Dr Carlos Ziebert, Group Leader at the IAM-AWP of the KIT, explains the different areas of their current research in the field of Lithium-ion and post-Li batteries
The group focuses on calorimetric examinations and safety tests on Lithium-ion cells and post-Lithium cells. For this purpose, depending on the cell size and application, different types of calorimeters are used in Europe’s largest Battery Calorimeter Laboratory, which was established in 2011. It provides six Accelerating Rate Calorimeters (ARCs) from Thermal Hazard Technology allowing the evaluation of thermodynamic, thermal and safety data for Lithium-ion and post-Li cells on material, cell and pack level for both normal and abuse conditions (thermal, electrical, mechanical).
The lab also includes glove boxes for the cell assembly and disassembly, many temperature chambers, a thermal camera and cyclers with several hundred channels. Also, it contains extremely sensitive 3D Calvet calorimeters, which provide thermodynamic parameters and gas chromatography-mass spectroscopy systems from Perkin-Elmer for venting gas analysis. The group’s work can be categorised into the following six areas (s. Fig. 1):
1) Small cell assembly and thermal studies of cell components
With a press located in a glove box, coin cells are assembled. These are mostly half cells with a metal (Li, Na) as one electrode and new material, for example, a post-Li material such as Na0.53MnO2 as the other electrode. On the materials and components level, a Setaram C80 3D-Calvet calorimeter provides thermodynamic parameters. After the formation process, the cells are electrochemically characterised.
2) Ageing tests
Comprehensive ageing tests are carried out at the cell level for all cell sizes. At first, fresh cells are stored in temperature chambers at different temperatures and states of charge and then characterised at fixed time intervals in to study the influence of this storage (calendar ageing) on cell performance. At second, cells of the same type are aged at different charge/discharge rates or with different load profiles (full cycles, partial cycles, driving cycles and stationary storage cycles (cyclic ageing).
3) Heat generation under normal use
In the Setaram MS80 3D-Calvet calorimeter, fresh and aged coin and cylindrical cells fit in and their heat generation during cycling can be determined very precisely by direct heat flow measurement using the 3D Calvet sensor arrangement, where the sample vessel is surrounded by rings with hundreds of thermocouples. For heat generation studies on larger pouch cells or prismatic automotive cells, isoperibolic (constant temperature of the calorimeter) or quasi-adiabatic (no heat exchange with the calorimeter) ambient conditions can be adjusted in the ARCs. Then the measured temperature data can be converted into generated and dissipated heat data by determination of heat capacity and heat transfer coefficient using heat flux sensors.
4) Heat, gas and pressure generation under thermal, electrical, mechanical abuse
The abuse or safety testing has the main objective to identify all possible risk conditions to clearly define mitigation measures to be used in design, control and usage of the cells and packs. It is carried out using six ARCs of different sizes – from cylindrical to a large pouch or prismatic automotive format – by applying electrical, mechanical and thermal abuse scenarios and studying the heat, gas and pressure generation under these conditions. This allows quantifying critical parameters and their thresholds for safe cell operation.
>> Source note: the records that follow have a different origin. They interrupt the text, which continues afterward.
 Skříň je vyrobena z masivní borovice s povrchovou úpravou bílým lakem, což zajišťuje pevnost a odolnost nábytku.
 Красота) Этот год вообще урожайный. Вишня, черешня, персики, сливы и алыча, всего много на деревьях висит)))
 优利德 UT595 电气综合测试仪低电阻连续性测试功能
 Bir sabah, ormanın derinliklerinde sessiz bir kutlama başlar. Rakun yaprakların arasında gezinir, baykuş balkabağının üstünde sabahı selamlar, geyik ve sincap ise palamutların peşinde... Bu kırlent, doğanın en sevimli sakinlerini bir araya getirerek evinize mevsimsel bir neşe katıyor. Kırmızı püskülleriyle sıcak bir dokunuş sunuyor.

Moreover, the influence of ageing on the hazard potential can be quantitatively determined.
5) Thermal propagation tests on the small pack level
If it is not possible to stop a single cell from going into thermal runaway, the propagation of the thermal runaway to the neighbouring cells, the so-called thermal propagation has to be prevented or at least extended by five to 10 minutes. The largest ARCs allow studying the thermal propagation on a small pack level to develop and qualify suitable heat protection barriers, which give the passengers in an electric vehicle enough time to escape or to be rescued by the firefighters. This is currently a very hot topic because new regulations will come into force soon.
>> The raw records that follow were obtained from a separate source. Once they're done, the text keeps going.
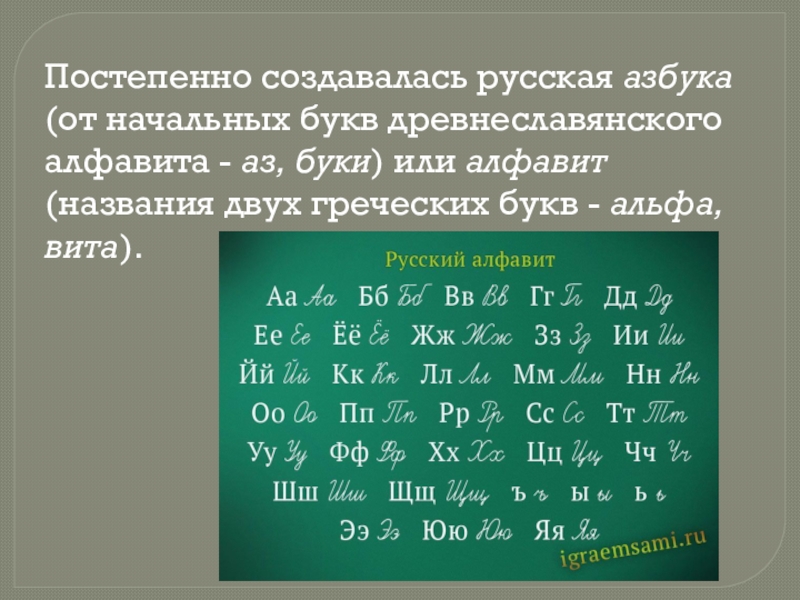 Постепенно создавалась русская азбука (от начальных букв древнеславянского алфавита - аз, буки) или алфавит (названия двух греческих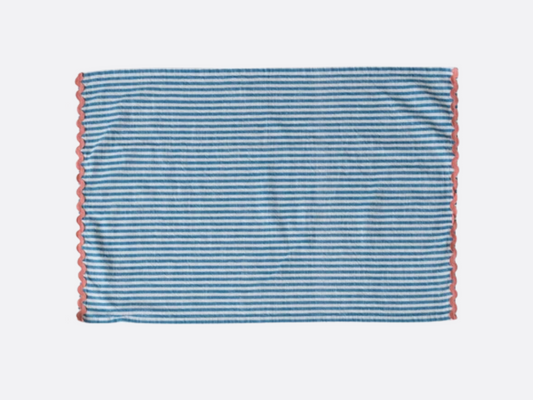 Woven Cotton Striped Tea Towel with Ric Rac Trim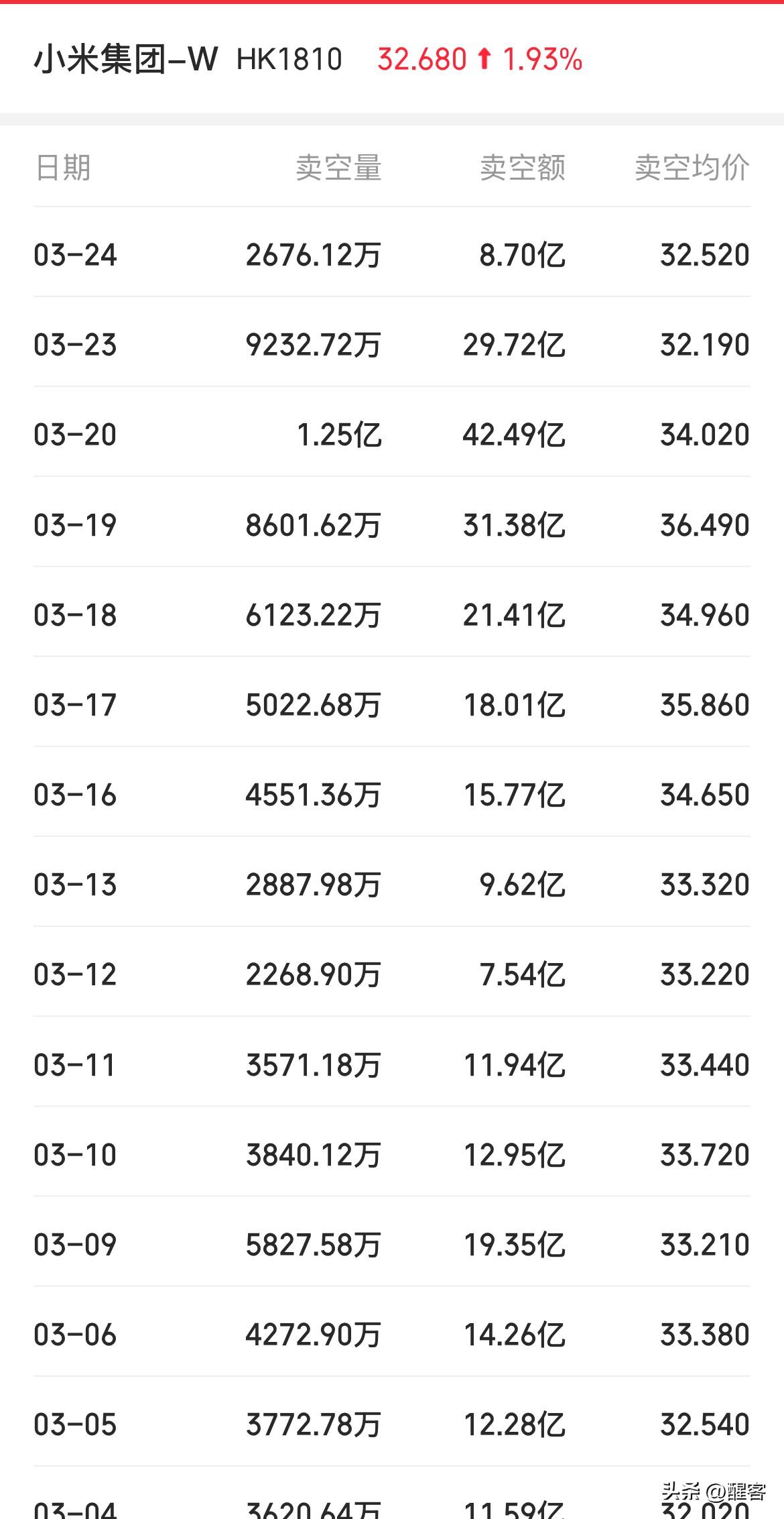 腾讯、阿里和小米近期卖空数据。三家公司均经历了一轮回调,卖空量显著收缩,说明做空力量在减弱,短期下跌动能已大幅释放,但尚未出现明确的见底信号(如放量长阳、突破关键均线)。 分别来看: 腾讯基本面稳健,若500港元支撑有效,且成交量温和放大,大概率形成阶段性底部;若跌破500港元,可能下探480-490港元区间。 阿里若后续卖空量持续低位,且股价放量突破125港元,可视为阶段性底部信号;若跌破120港元,可能进一步下探。 小米32港元附近有一定支撑,但需站稳33-34港元区间,且卖空量持续低位,才能确认阶段性底部;若跌破32港元,可能下探30-31港元。

6) Electrochemical impedance spectroscopy and modelling
Using devices from Gamry and Biologic electrochemical impedance spectroscopy (EIS) is performed on fresh and aged cells and the recorded impedance spectra are modelled using electrical equivalent circuit models (EECMs). This allows a deeper insight into the interface and charge transfer processes and to determine the irreversible heat. Moreover, thermal and ageing models can be developed.
These data are used by our research and industry partners for the design and adaptation of thermal management and safety systems. In addition, the developed calorimetric methods could be transferred to industry as an important contribution to the quality assurance of LIB.